- U.S. tariffs significantly impact Asian markets.
- Premier Cho warns of Taiwan’s market turbulence.
- Tech indices bear the brunt of financial shifts.

Chinese and Taiwanese stock markets experienced severe drops of 10% and 9.8% respectively on April 7, 2025, following geopolitical tensions and tariff announcements by the U.S.
Escalating U.S.-China tensions impact Asian economies, causing severe market instability and investor uncertainty.
Asian stock markets suffered substantial losses amidst heightened tensions. The Chinese market dropped by 10%, a significant downturn. U.S. President Donald Trump’s announcement of new tariffs has been a key factor affecting these markets.
China and Taiwan faced substantial sell-offs, largely affecting semiconductors. Taiwan Semiconductor Manufacturing Company, heavily influencing Taiwan’s Taiex Index, reported a notable decrease impacting the index significantly.
Taiwan’s Premier Cho expressed concerns over upcoming economic instability. “Taiwan’s central bank and the Financial Supervisory Commission are monitoring the situation and will provide necessary assurances to mitigate the impact,” said Cho Jung-tai, Premier of Taiwan. The technology sector, critical to Taiwan’s economy, feels the effects of the tariff announcement. Government responses will play a crucial role in managing investor confidence and market stability. More details about the economic environment can be observed here.

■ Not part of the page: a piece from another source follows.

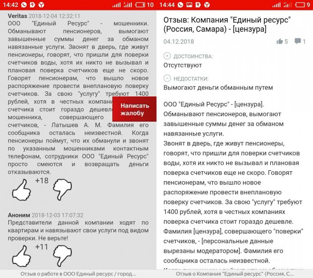Жители Волгограда в последнее время стали сталкиваться с представителями некой компании, называющей себя ООО «Единый ресурс». Судя по жалобам в сети, сотрудники ходят по квартирам, где преимущественно проживают пенсионеры или просто пожилые люди с требованием проверить счётчики воды. Они уверяют, что срок проверки вышел и владелец давно перешёл на оплату «по среднему». На возражения, что плановый регламент ещё не скоро, якобы следуют угрозы: «Откройте дверь, иначе вас ожидает крупный штраф!». Некоторые идут на поводу и сталкиваются с вероятным форменным вымоганием денег. «Проверяющие» выставляют счёт в 1500 рублей за один счётчик, а в случае, если таковых в квартире 2, то поборы вырастают до 3000 рублей.

Financial, political, and business implications are widespread. Asian markets react strongly to U.S. tariffs, with the Taiex transitioning into a bear market. Trade relations with the U.S. are now deeply scrutinized by market analysts.
Economic advisors predict prolonged market instability. The technology sector, exposed to international market fluctuations, faces sustained pressure. Historical market downturns seen during past global financial crises draw parallels with current events. Immediate government intervention appears necessary to prevent further declines.